_WHAT IS BEING ASKED_
All that is wanted is the line with "CNN1: FOXVCNN=|Trump and" and each line after it to the end of the data below, set down exactly and without pictures.

------

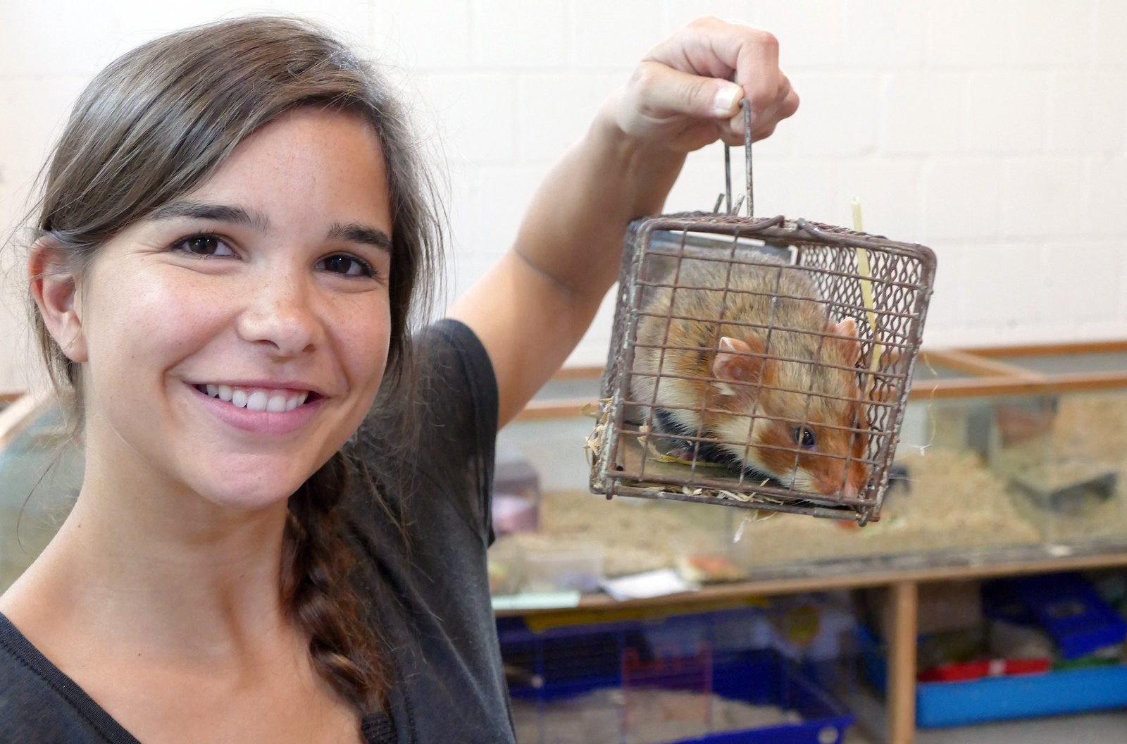 Wenn Feldhamster umziehenEin Feldhamsterweibchen ist in die Falle gegangen. Sobald Größe und Geschlecht ihres Wurfes bestimmt sind, darf sie wieder raus.Bild: © BR/Text und Bild Medienproduktion GmbH & Co. KG
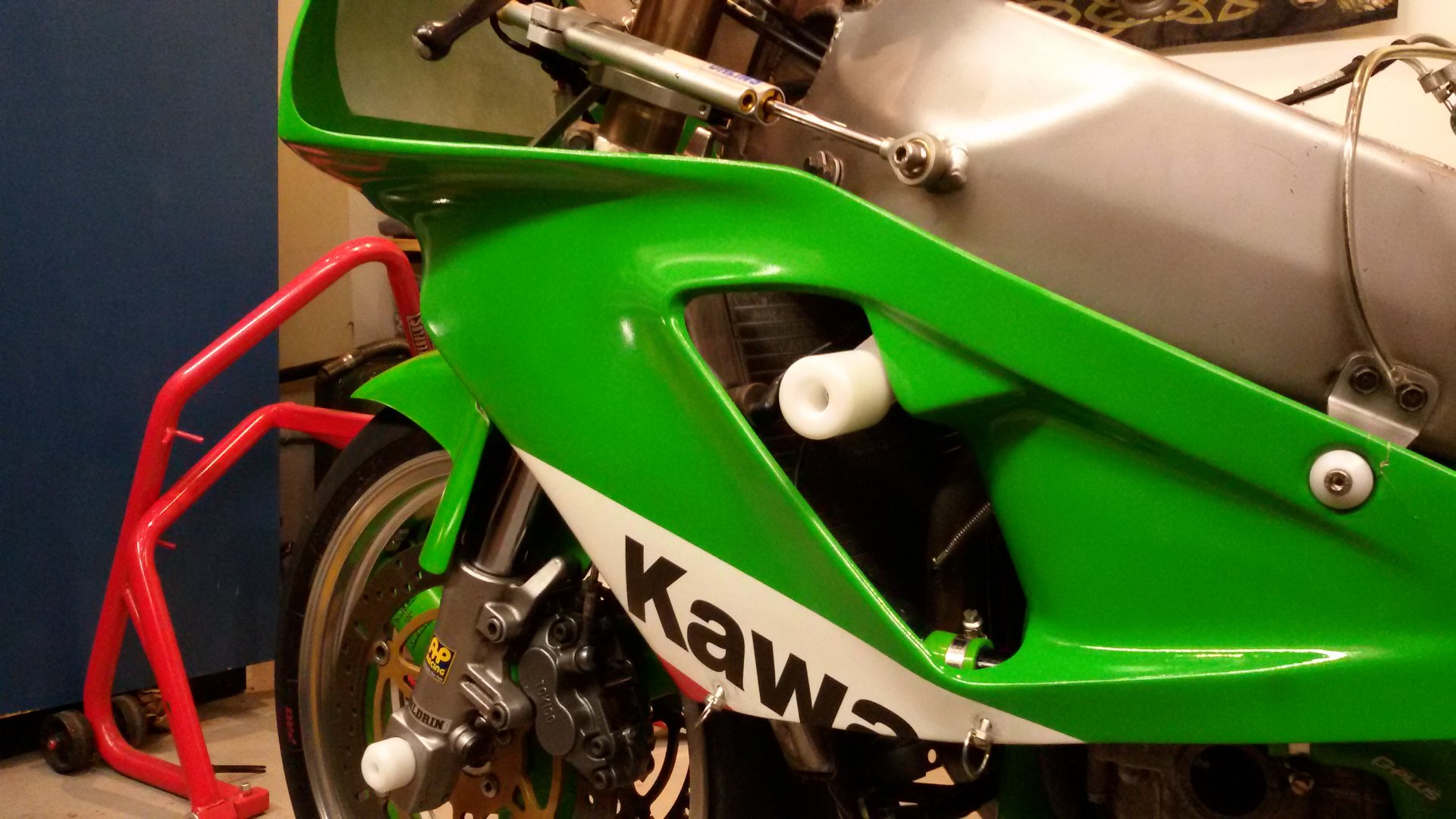 Hab mir ein paar Sturzpads gebaut und den alten Lenkungsdämpfer an der Gabelbrücke gegen einen wirksameren seitlichen getauscht.
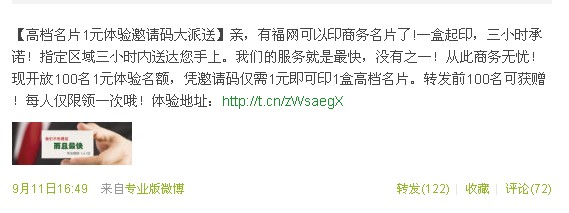 在微博上知道有福網(wǎng)推出了商務名片系統(tǒng)。推廣期間,一元一盒名片,白菜價格,相當激動,參與活動后就馬上獲得了體驗碼。當天1點就下單了,4點居然有專門的人送來公司,速度相當給力?。?/p>
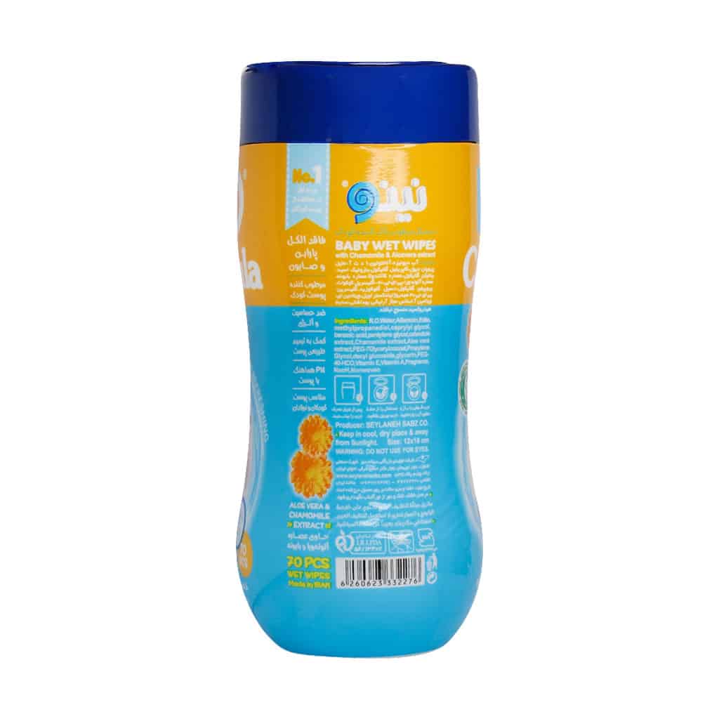 دستمال مرطوب پاک کننده کودک استوانه ای نینو حاوی کالاندولا 70 عدد
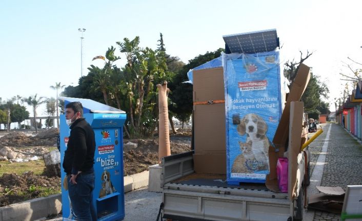 Kemer Belediyesi, sokak hayvanlarının beslenmesini kolaylaştırmak amacıyla ilçede belirlenen yerlere güneş enerjisiyle çalışan mama kumbaraları monte etti.
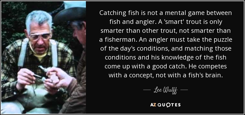 Catching fish is not a mental game between fish and angler. A 'smart' trout is only smarter than other trout, not smarter than a fisherman. An angler must take the puzzle of the day's conditions, and matching those conditions and his knowledge of the fish come up with a good catch. He competes with a concept, not with a fish's brain.
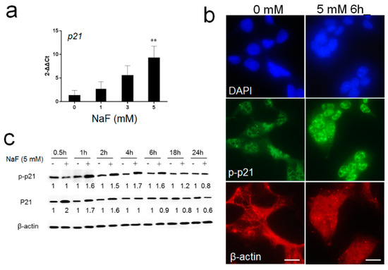 Fluoride upregulates p21 mRNA and p21/p-p21 protein in LS8 cells. (a) LS 8 cells were treated with NaF at the indicated concentrations for 24 h and p21 mRNA was then quantified by quantitative polymerase chain reaction (qPCR). Fluoride (5 mM) treatment significantly increased p21 mRNA levels. Gapdh was the internal reference control gene. Data are presented as means ± standard deviation (SD) (** p < 0.01 vs. 0 mM). (b) Cells were treated with NaF (5 mM) for 6 h and phospo-p21 (p-p21; green), nucleus (4′,6-diamidino-2-phenylindole (DAPI); blue) and β-actin (red) were detected by immunocytochemistry. Fluoride increased p-p21 protein levels in LS8 cells. (c) LS8 cells were treated with NaF (5 mM) for the indicated times and p21 (18 kDa) and p-p21 (21 kDa) were detected by Western blots. Fluoride increased p21 and p-p21 protein expression in the early phase (1 to 6 h), which then decreased at 24 h. The numbers show the relative expression normalized by the loading control β-actin (44 kDa). Statistical analysis of relative protein expression of p21 and p-p21 are shown in supplementary Figure S4.
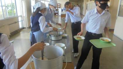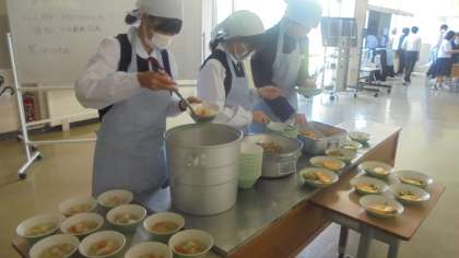 給食配膳の様子です。残色0を目標に配りました。 上:31H 下:33H
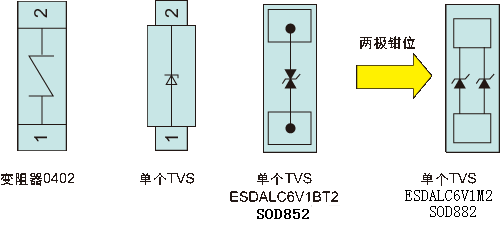 正當(dāng)單線保護器件被廣泛用于抑制ESD放電時,一種在同一封裝內(nèi)集成兩個并聯(lián)二極管的兩級鉗位概念產(chǎn)生了。圖1對傳統(tǒng)的單線ESD保護與新型兩級鉗位二極管組件進行了對比。
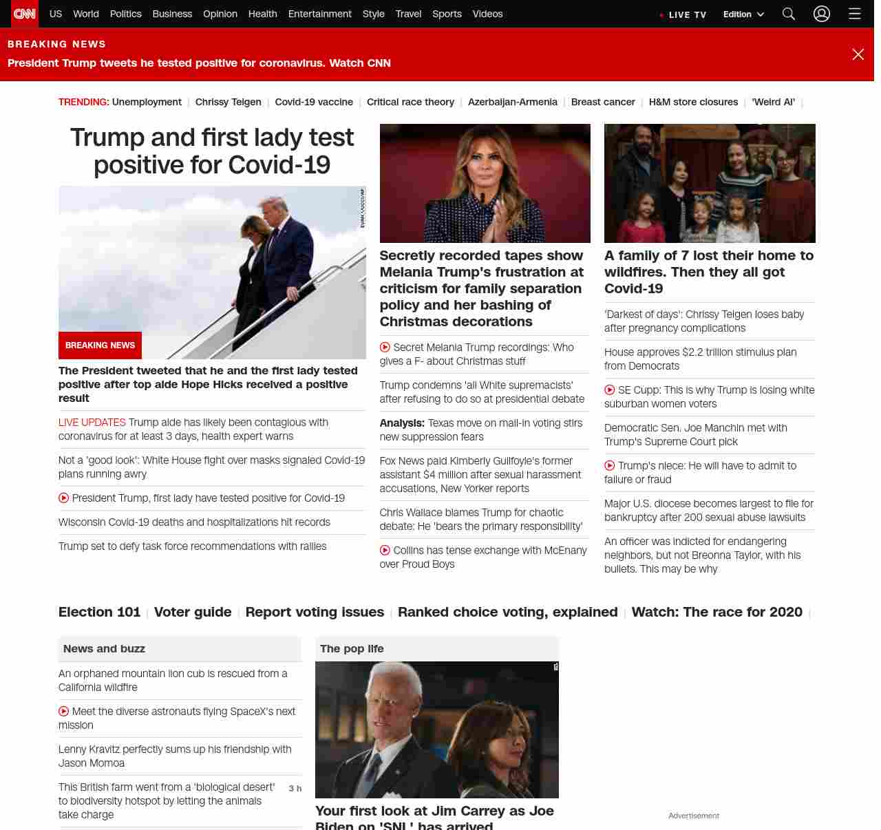 CNN1: FOXVCNN=|Trump and first lady test positive for Covid-19| ((lubuntu at wor3))
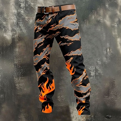 Per uomo Illusione ottica Fiamma Pantaloni Pantaloni Eleganti Pantaloni da Abito Misura del girovita medio Casual All'aperto Vacanza Pantaloni slim fit con tasche Primavera Autunno Stampa 3D Nero
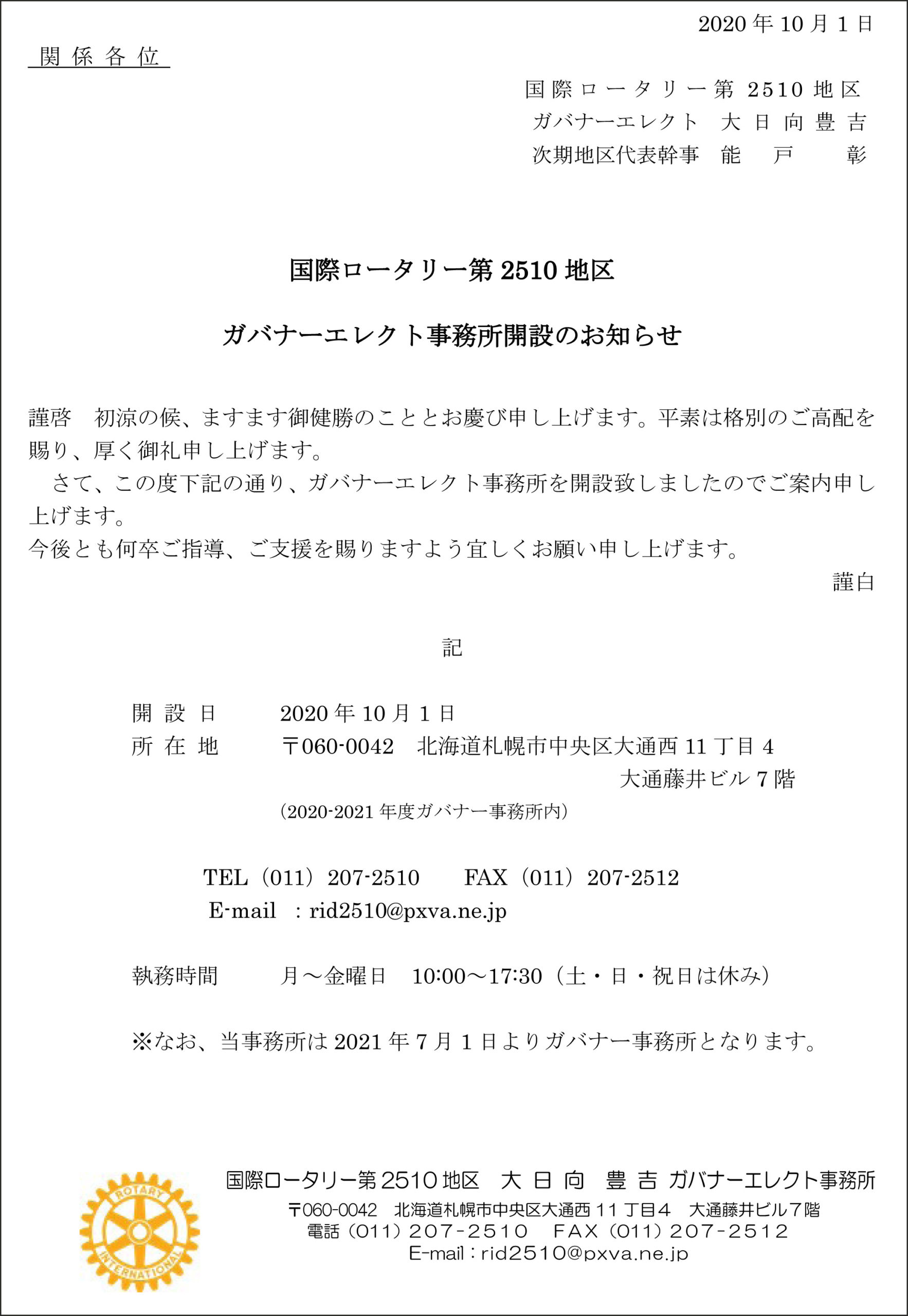 国際ロータリー第 2510 地区 ガバナーエレクト事務所開設のお知らせ

------

_EXERCISE ANSWER_
 CNN1: FOXVCNN=|Trump and first lady test positive for Covid-19| ((lubuntu at wor3))
 Per uomo Illusione ottica Fiamma Pantaloni Pantaloni Eleganti Pantaloni da Abito Misura del girovita medio Casual All'aperto Vacanza Pantaloni slim fit con tasche Primavera Autunno Stampa 3D Nero
 国際ロータリー第 2510 地区 ガバナーエレクト事務所開設のお知らせ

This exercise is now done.